With the resources of a 1% land tax, it would be possible to eliminate three uneconomic taxes in return: rent taxation that penalizes reforms and discourages rent by individuals, notary fees (rights transmission for a fee) that tax mobility and therefore. economic dynamism and finally the real estate tax which is based in part on the property and which penalizes those who restore or extend their property. With a 2% tax and some progressivity, an additional 60 billion can be recovered to lower social security contributions and production taxes.

In both cases there is a give and take; a compensation : to help young people, thanks to the rent of the land that has benefited a lot from the economic situation, the tariffs and the urbanization but without the effort having much to do with it. It is a broad project to open, but it is essential: the deficits do not disappear because the taxation of the social pact is based on a base that is eroding and affecting our competitiveness. The French have preferred real estate and land and have seen their wealth grow very rapidly in this area, but now they need to prepare for the future and reorient their savings towards employment, mobility and innovation.

Foreign experiments have been done, they have a history rooted in political economy. The principles we defend here have been endorsed by the greatest economists, from Smith to Ricardo, from Walras to Modigliani, Solow and Stiglitz, from the most liberal to the Social Democrats, from northern Europe (Estonia) to the Southern Hemisphere. New South). Wales in Australia, South Africa, Colombia), from the East (Singapore) to the West (Pennsylvania), certainly in various forms and the lessons of which are not easy to generalize directly in France, but which show the universality and timelessness of the principles of being implemented.
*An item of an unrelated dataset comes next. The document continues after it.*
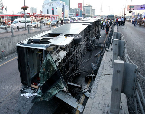 Cevizlibağ'da metrobüs devrildi yaralılar var

Studies are needed to collect data, to measure the value of land and in particular of built-up land: it is not overly complicated, much less the valuation of real estate because it is more heterogeneous than land that is more homogeneous and progressive. potential value of the territory. Data is multiplying with the rise of big data, which gives hope for increasingly accurate values. Then it will be necessary to create the fiscal instrument with a low rate and, in return, to suppress the rest of the taxes on real estate, in order to assure the citizens the equity of this reform; and finally to move forward gradually but surely with this fiscal balance of the productive factors towards the land. The construction site for a period of five years, no doubt, only to start operations.

Alain Trannoy and Etienne Wasmer have recently published The great return of land to heritage, and why it is good newsOdile Jacob, 2022.

[1] According to the study by André M. and Meslin O. (“And for a few more apartments: study of the ownership of domestic property and the redistributive profile of the property tax”, INSEE), on 3, 5% of households own 50% of rental property owned by individuals.